Monday, April 14, 2025

Dfrent.


Next time you see someone touting the creative capabilities of AI, you ought to try to remember how many thousands if not millions of people made ChatGPT avatars of themselves in the form of plastic-encased ersatz Barbie dolls.

The first one of these I saw I was mildly amused. Not amused enough to try it for myself, but I saw it as something different. At that point maybe I got up from my chair to get a glassaseltza. By the time I got back, I had seen 49,000 of these things.

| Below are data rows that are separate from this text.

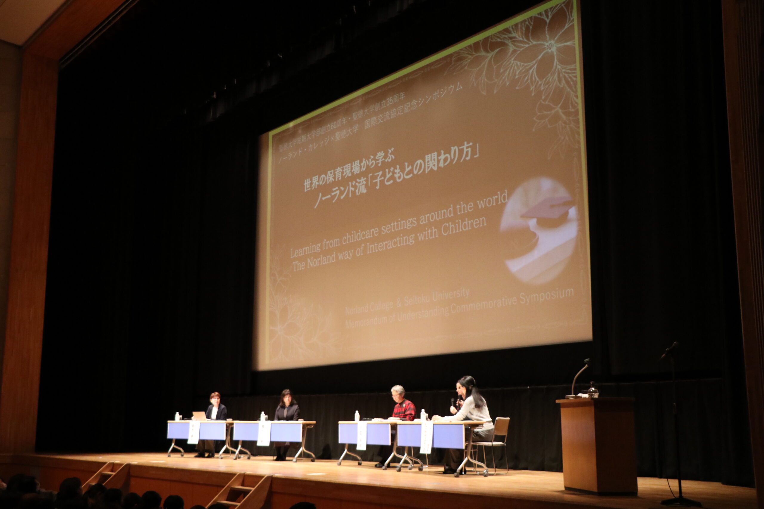 12月8日(月)英国ノーランドカレッジから先生をお招きし、「世界の保育現場から学ぶ ノーランド流 子どもとの関わり方」をテーマにしたシンポジウムが聖徳大学川並香順記念講堂にて開催されました。ノーランドカレッジと本学とは、20年以上にわたり学生交流を行ってきましたが、このたび包括協定を結び、学生交流だけでなく、教育・研究分野においてもさらに連携を深めていくことになりました。
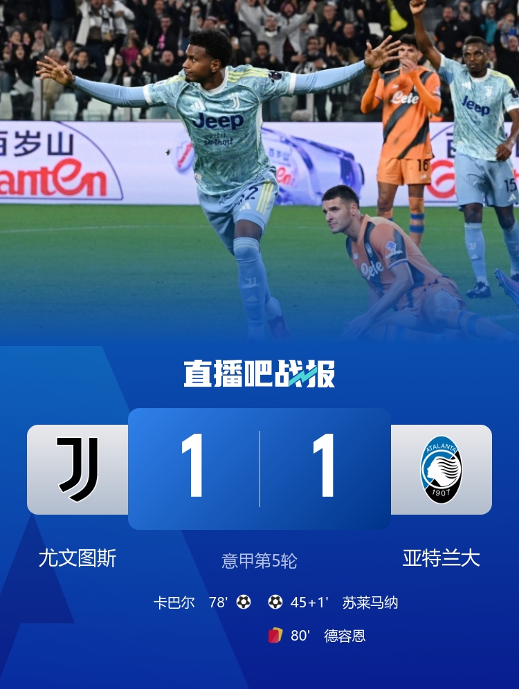 全場(chǎng)比賽結(jié)束,尤文圖斯主場(chǎng)1-1戰(zhàn)平十人亞特蘭大。
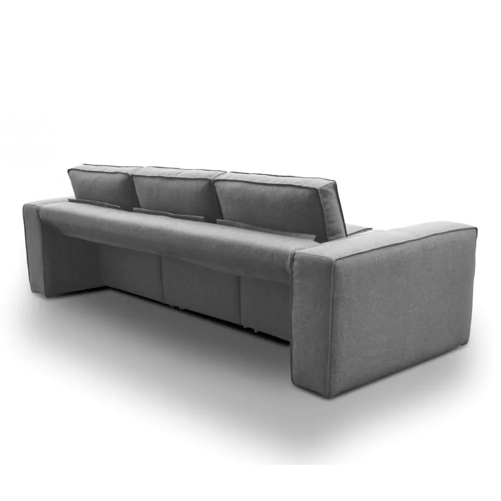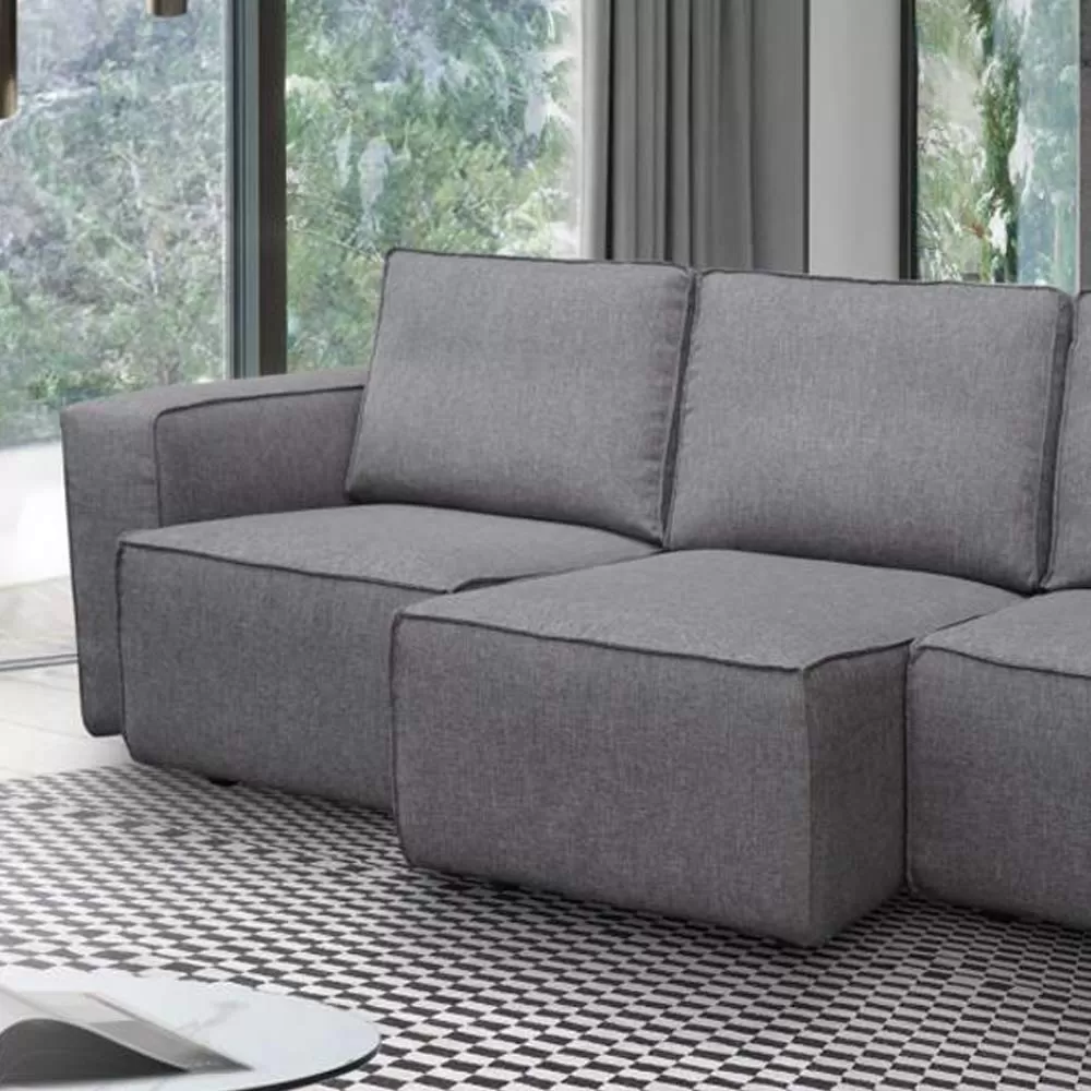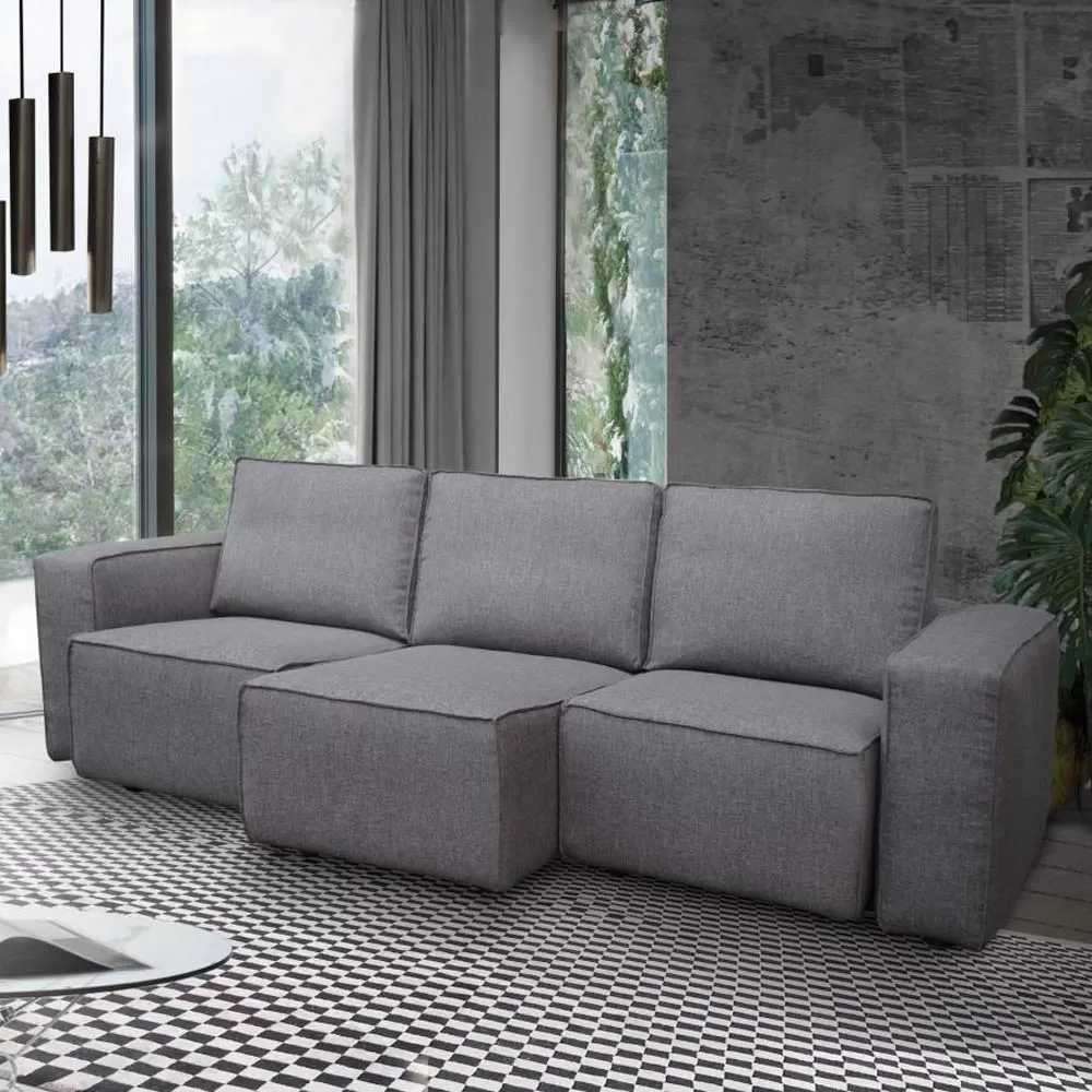 Modern and elegant living room sofa entirely covered in completely removable fabric with structure in fir wood and chipboard complete with polyurethane padding, covered with a protective fabric lining. Its design is characterized by the extendable seats , each of which can be moved independently from the others manually up to about 42 cm forward, so that the useful seat passes from 57 cm to about 95 cm. The seats are also equipped with wheels with anti-scratch rubber to move the sections comfortably. The spring system uses interwoven elastic bands while the seat cushions are made of polyurethane foam and the back cushions are made of mixed down.

Everyone of the people who posted their ChatGPT avatar thought it was special, interesting and worthy of being noticed. Instead everyone of the people who posted their ChatGPT avatar instead showed how unoriginal and uninteresting and karaoke'd their creativity is.

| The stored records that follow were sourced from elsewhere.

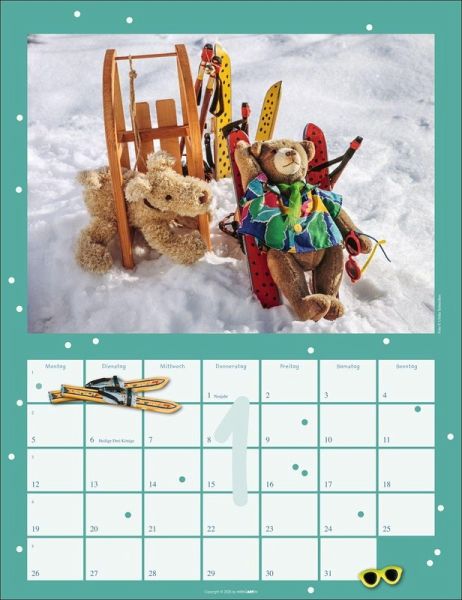 - Da werden Kindheitserinnerungen wach: In diesem zauberhaften Stofftier-Kalender stehen flauschige Teddybären im Mittelpunkt- Jeden Monat ein süßer Lieblingsbär: in die Bärenwelt von Ulrike Schneiders eintauchen und alle wichtigen Termine im Foto-Wandkalender 2026 eintragen- Das Format 30 x 39 cm bietet Platz für die Bilder der Kinderzimmer-Stars und ein Kalendarium für Notizen und Eintragungen- Lässt Sammler-Herzen höherschlagen: Der Bildkalender 2026 rückt die Arbeit der Teddy-Künstlerin Gisela Hofmann ins rechte Licht- Mehr als nur Geschenke für Teddy-Sammler: große Themenvielfalt bei den Wandkalendern von Weingarten im Athesia Kalenderverlag
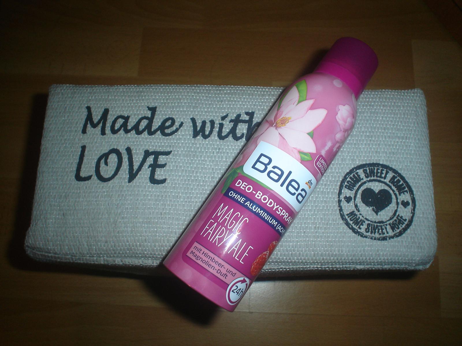 Balea deo telový sprej „Magic Fairytale“ – 24 hodinová deo ochrana s vôňou malín a magnólie. Vôňa ako stvorená na letné dni, je krásna, sladká ale žial 24hodin určite nevydrží. Je bez obsahu chlórhydrátu hliníka.
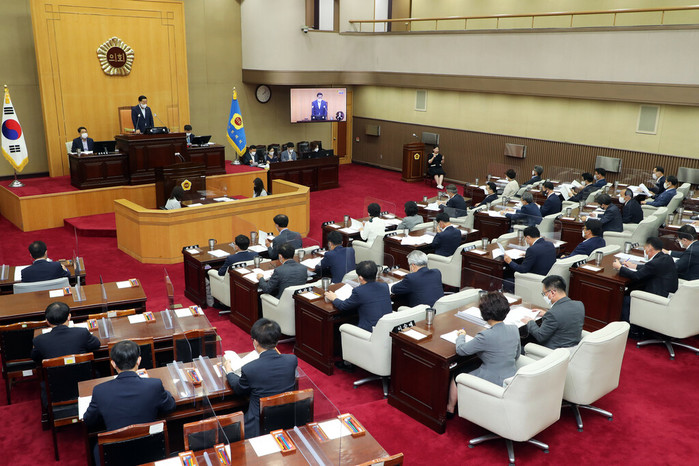 박문희 의장은 개회사를 통해 “올 여름 폭염에도 코로나19 방역 최전선에서 헌신적으로 활동해 주시는 의료진과 방역 관계자, 도·시군 공직자 등 모두에게 진심으로 고맙다는 말씀을 드린다“ 면서 “코로나19로 민생경제가 위협받는 매우 힘든 시기를 보내고 있는 만큼, 집행기관에서는 9월 6일부터 신청.지원하는「코로나 상생 국민지원금」사전준비에 철저를 기해달라“고 당부했다.
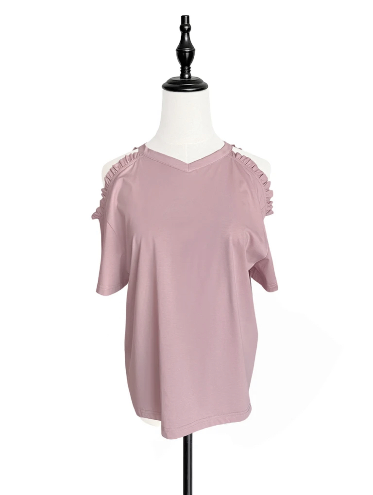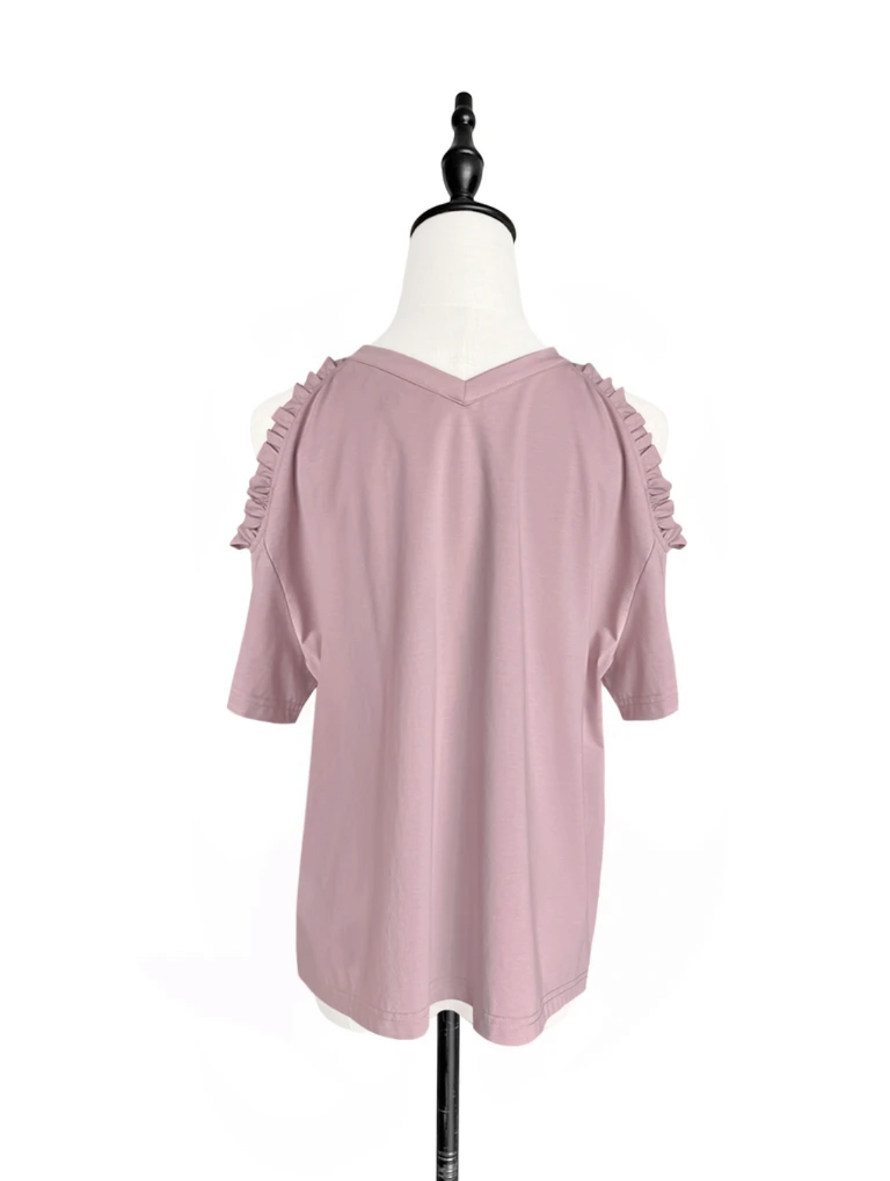 TYNVIE 露肩花边装饰短袖T恤 - 粉色
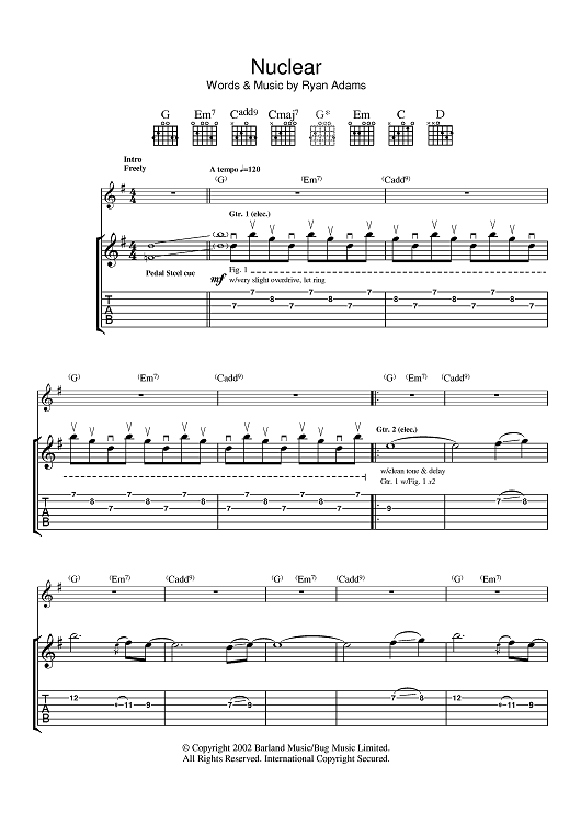 Digital Sheet Music for Nuclear by Ryan Adams scored for Guitar Tab; id:377945

One of the liabilities of technology that makes it easy to be "creative" is that it gives you the tools to make something that looks like something someone else made. What the technology doesn't give you is taste, discernment, or the unrelenting drive to be original and differentiating. Replication is the opposite of creativity. Painting like Van Gogh is not the same as Van Gogh. A Beatles cover band is not the Beatles.

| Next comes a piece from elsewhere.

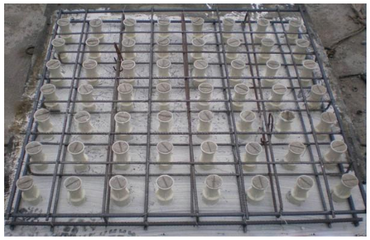 混凝土预制滤板采用立式或平式模板分块浇筑,原料选用C25~C30混凝土标准配制。产品质量符号行业标准,可按用户设计要求规格尺寸计算开孔比例预埋套管、敷设主付双层双向螺纹钢筋,混凝土浇捣、初凝、养护等工艺制作而成。滤板上下平面水平误差±1mm。滤池安装达到整池误差≤5mm,且四边整齐、无翘缺,产品满足滤池设计技术规范要求。
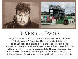 - The package includes 12 concert tickets and 12 gate admission tickets for Jelly Roll's concert with special guest Dax on Saturday, August 10. This is not a private suite but is limited to 24 people.

In 1966, Charlie Piccirillo of Doyle Dane Bernbach got a brief for "National Library Week." It was a PSA, and he was a young art director, but he got the assignment. You can read the whole story of Dave Dye's "best-in-the-world-blog," "Stuff from the Loft."

Here's the ad Piccirillo created. It's almost 60 years old. Older than 7/8ths of the people reading this post.


Here's the copy blown up so you can read it. At least if you're not tipsy.


AI is an enormously powerful tool. But it's our job as creative people to create things that capture the essence of the verbs in the headline above.

Cry. Giggle. Love. Hate. Wonder. Ponder. Understand.

Those verbs don't come from replication. They come from imagination.

The problem with those who believe in the power of computers is that they underestimate the immeasurable power of the human brain. 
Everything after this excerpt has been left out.